Здравствуй, друг мой Павел!
Держись моих правил:
Делай то-то, то-то,
Не делай того-то.
Кажется, что ясно.
Прости, мой прекрасный[433
].
Я уже упоминал выше, что каждое появление стихотворений Пушкина было событием и в нашем детском мире: каждая глава «Онегина», «Бахчисарайский фонтан», «Цыгане», ежегодные альманахи царили в наших детских комнатах и растрепывались пуще любого учебника.
Со времени написания стихов в мой альбом кличка моя в семействе стала: «друг мой Павел»; до стихов же Пушкина я пользовался нелестным прозвищем:
Павлушка, медный лоб, приличное прозванье.
Имел ко лжи большое дарованье.
Прозвище это взято было из эпиграммы Измайлова на Павла Свиньина и навлекло на моих сестер строгий нагоняй со стороны Пушкина за предосудительную, вредную шутку[434
].
В 1827–1828 годах вокруг меня более других стихотворений Пушкина звучали стихи из «Бахчисарайского фонтана» и «Цыган». Я помню, как мой наставник, Феодосий Сидорович Толмачев, в зиму 1827–1828, обращая мое внимание на достоинства «Цыган», объяснял, что Пушкин писал с натуры, что он кочевал с цыганскими таборами по Бессарабии, что его даже упрекали за безнравственный род жизни весьма несправедливо, потому что писатель и художник имеют полное право жить в самой развратной и преступной среде для его изучения.
Легенда эта, поясняющая мнимую с натуры передачу цыганской жизни, в воображении ребенка рисовала лишь высшие, таинственные наслаждения вне условий и тесных рамок семейной жизни. О предосудительности посещения цыган я уже довольно наслышался в родственных кружках «московских бригадирш обоего пола».

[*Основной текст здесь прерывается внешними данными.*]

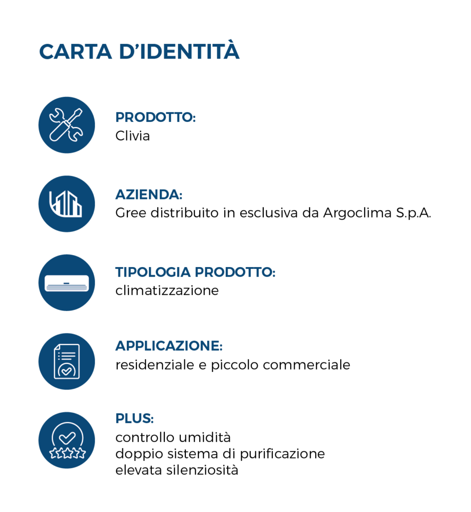 Il nostro nuovissimo climatizzatore CLIVIA infatti, aiuta l’utente ad avere un’esperienza di utilizzo superiore ed un comfort abitativo senza paragoni. Questa macchina lavora principalmente tenendo monitorate le abitudini di utilizzo, per garantire il massimo comfort e un vantaggioso contenimento dei consumi.  Clivia è dotato di sistema G-AI, cioè di intelligenza artificiale, che grazie ad un algoritmo intelligente impara a conoscere tutte le abitudini di utilizzo, al fine di ottimizzare il risparmio energetico e garantire il comfort desiderato in ogni angolo della casa o dell’ufficio.Clivia può risparmiare fino al 15% dei consumi di energia all’anno, ovvero 176 kWh di elettricità e ridurre le emissioni di CO2 di 48 kg, che equivale all’anidride carbonica assorbita da un albero in un anno. Il design minimale e lo stile contemporaneo, permettono la sua installa-zione in tutti i tipi di ambiente. La scocca si caratterizza per la particolare lavorazione longitudinale fatta di piccole righe che creano un effetto Matt.

В 1827 году Пушкин учил меня боксировать по-английски, и я так пристрастился к этому упражнению, что на детских балах вызывал желающих и нежелающих боксировать, последних вызывал даже действием во время самых танцев. Всеобщее негодование не могло поколебать во мне сознания поэтического геройства, из рук в руки переданного мне поэтом-героем Пушкиным. Последствия геройства были, однако, для меня тягостны: изо всего семейства меня одного перестали возить даже на семейные праздники в подмосковные ближайших друзей моего отца.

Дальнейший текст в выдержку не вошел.